▶ _Records from a data collection_:
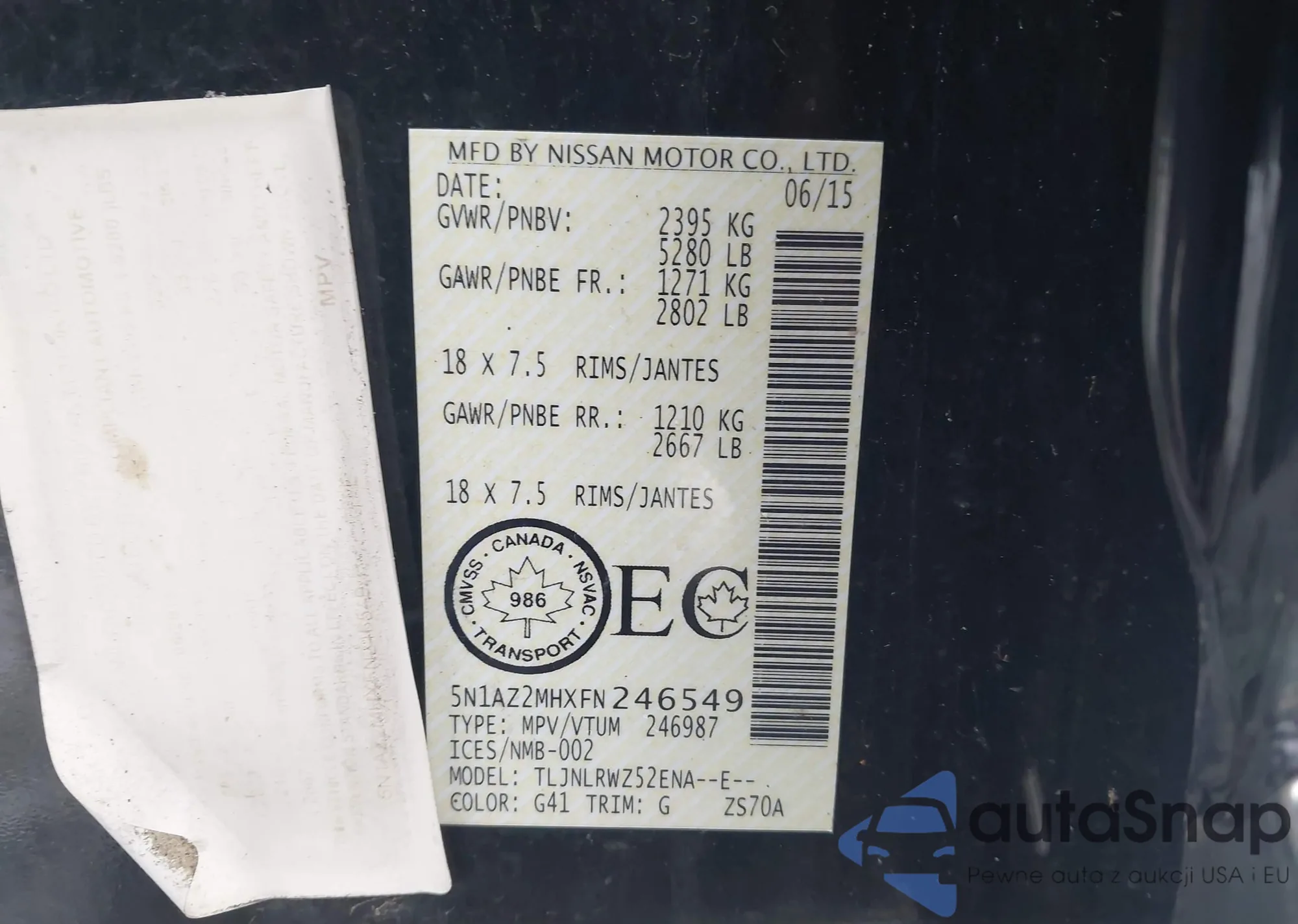 Samochód Nissan Murano 2015 (VIN 5N1AZ2MHXFN246549) był już licytowany 1 razy i/lub sprzedaje go niezweryfikowany sprzedawca. Zalecamy raport Carfax i potwierdzenie możliwości rejestracji pojazdu przed zakupem.
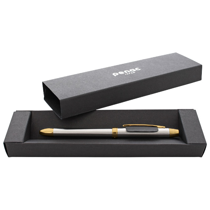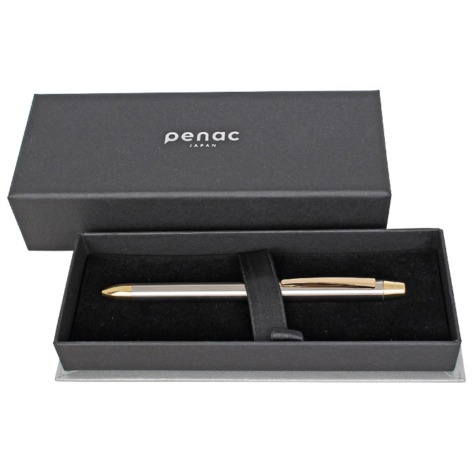 2 kemijske: 1 crvena i 1 plava tinta (mach ink) i tehnička olovka (mina 0,5 mm); okretni (twist) mehanizam (360°) u oba smjera; tijelo olovke od nehrđajućeg čelika; metalni vrh i klipsa; Mach tintu karakterizira niska viskoznost koja stvara osjećaj lagodnog klizanja po papiru; s gumicom (bez lateksa i PVC-a); rezervni uložak D1BR6707 (0,7 mm); u poklon kutiji Pakiranje: 1/12
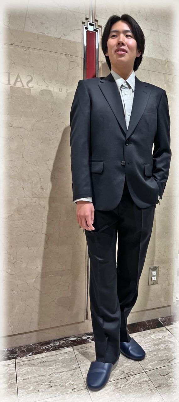 2362 王道のブラックスーツ T.A様 20代 男性 オーダースーツSADA 金沢香林坊店 投稿日 2025年12月31日 NEW! 最終更新日 2024年11月5日 購入日2024年10月6日 シングルブレステッド2ツ釦 生地素材 シーズン 3シーズン 生地の色ブラック 生地の柄ピュア 生地番号8‐2191 裏地 ミッドナイトブルー ボタン ブラックマットナット オプションその他 クラシックな8.5レギュラーゴージノッチドラペル 当然サイドヴェンツ 流行の2フォワードディーププリーツトラウザーズ 当然サイドシームポケット 担当スタイリスト 重田
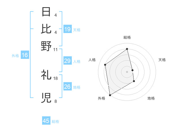 日比野 礼児さんを姓名の画数から五運を鑑定
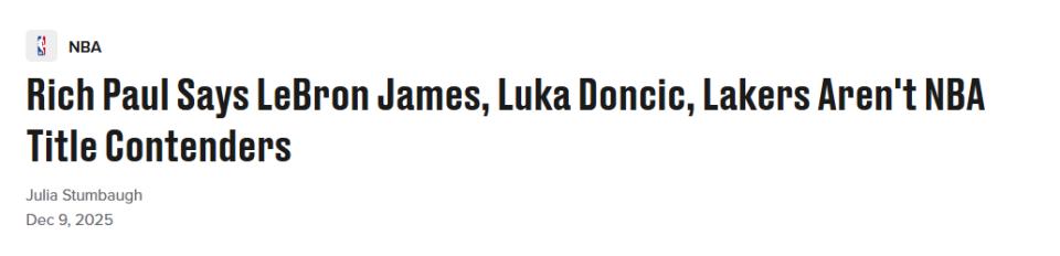 在節目中,保羅表示,他個人並不「認為湖人現在的陣容足以成為爭冠球隊」。他說:「我覺得他們的配置還達不到西部決賽的門檻,從爭冠角度來看,他們的硬實力還遠遠不夠。」
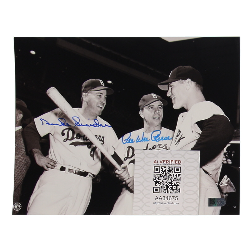 Photo measures 8" x 10" in size and has been hand-signed by Duke Snider (D. 2011, Brooklyn Dodgers, HOF) & Pee Wee Reese (D.1999, HOF).

▶ _Task item_:
An exact copy of the records above is needed, with the pictures removed.

▶ _Solved problem_:
 Samochód Nissan Murano 2015 (VIN 5N1AZ2MHXFN246549) był już licytowany 1 razy i/lub sprzedaje go niezweryfikowany sprzedawca. Zalecamy raport Carfax i potwierdzenie możliwości rejestracji pojazdu przed zakupem.
 2 kemijske: 1 crvena i 1 plava tinta (mach ink) i tehnička olovka (mina 0,5 mm); okretni (twist) mehanizam (360°) u oba smjera; tijelo olovke od nehrđajućeg čelika; metalni vrh i klipsa; Mach tintu karakterizira niska viskoznost koja stvara osjećaj lagodnog klizanja po papiru; s gumicom (bez lateksa i PVC-a); rezervni uložak D1BR6707 (0,7 mm); u poklon kutiji Pakiranje: 1/12
 2362 王道のブラックスーツ T.A様 20代 男性 オーダースーツSADA 金沢香林坊店 投稿日 2025年12月31日 NEW! 最終更新日 2024年11月5日 購入日2024年10月6日 シングルブレステッド2ツ釦 生地素材 シーズン 3シーズン 生地の色ブラック 生地の柄ピュア 生地番号8‐2191 裏地 ミッドナイトブルー ボタン ブラックマットナット オプションその他 クラシックな8.5レギュラーゴージノッチドラペル 当然サイドヴェンツ 流行の2フォワードディーププリーツトラウザーズ 当然サイドシームポケット 担当スタイリスト 重田
 日比野 礼児さんを姓名の画数から五運を鑑定
 在節目中,保羅表示,他個人並不「認為湖人現在的陣容足以成為爭冠球隊」。他說:「我覺得他們的配置還達不到西部決賽的門檻,從爭冠角度來看,他們的硬實力還遠遠不夠。」
 Photo measures 8" x 10" in size and has been hand-signed by Duke Snider (D. 2011, Brooklyn Dodgers, HOF) & Pee Wee Reese (D.1999, HOF).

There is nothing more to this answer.